Although point-of-care diagnostics is a trend in the industry, he emphasized that the business was focused on being data-driven as the value of the platform revolves around the methylation screening of 65,000 patterns which needs to be performed in a laboratory setting.

“We already have a database consisting of gene pools from 500,000 Koreans and by further developing our legacy data, we will be able to follow patients’ disease histories through their methylation changes,” explained Lee. “We care for the data that we can collect from those patients to facilitate healthy lives and precision medicine.”

Initiating collaborations with Cancer X to enable early screening

The CEO also explained that several companies are offering liquid biopsy tests in Korea but the level of analysis differs.

First-generation liquid biopsy analyzes single biomarkers using DNA, or KRAS or EGFR-based mutations from your blood. Second-generation analysis includes multiple biomarkers from the DNA, and third-generation generation uses multiomics markers derived from DNA and epigenetics.

"EDGC is the only company offering fourth-generation liquid biopsy analysis using multiomics markers with multiplexing screening of epigenetics to identify the tumor signal of origin,” asserted Lee. “Even U.S. companies like Grail which has launched similar multi-cancer epigenetic studies are still far behind us.”

Though he expects the cost to be expensive as they are performing large-scale analysis of genes and it will take time to be covered by insurance, he highlighted the comparative cost benefit to single cancer screening tests.
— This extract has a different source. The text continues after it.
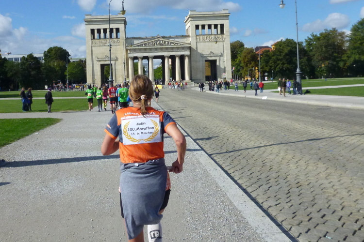 Links abgebogen, laufen wir im Karree etwa drei km in und um die Maxvorstadt, eine gute Gelegenheit zum Betrachten erst der schnelleren, dann auf dem Rückweg der langsameren Konkurrenz. Bei km 36 sind wir wieder zurück, wo wir abgebogen waren und steuern wieder Schwabing, die Ludwig-Maximilian-Universität passierend, an. Jetzt endlich kommen wir zum Siegestor, das wir von der Ferne aus am Anfang bereits hatten ausmachen können. Etwas krüppelig und unvollständig sieht es im oberen Bereich aus, was sich beim Näherkommen schnell als Folge der Kriegsschäden und eines stark vereinfachten Wiederaufbaus erklärt: „Dem Sieg geweiht, vom Krieg zerstört, zum Frieden mahnend“ steht als Erklärung über den Säulen der Rückseite.

Accordingly, he brought up the company’s recent decision to join the Cancer Moonshot project organized by Cancer X. 

“We approached Cancer X with our early cancer screening program as we really need to work with multidisciplinary groups to implement it on national scales to everyone who can benefit,” said Lee.  "At the recent Cancer X summit held in Washinton D.C. last week, we were the first to announce a collaboration with a Cancer X member. "

EDGC made an agreement with the City of Hope, a founding member of Cancer X and one of the largest national cancer centers in California, to commercialize the multi-cancer diagnostic. The CEO added that they are also working on a public-private partnership (PPP) with the Department of Health and Human Services in the U.S. through Cancer X for early cancer screening in the U.S.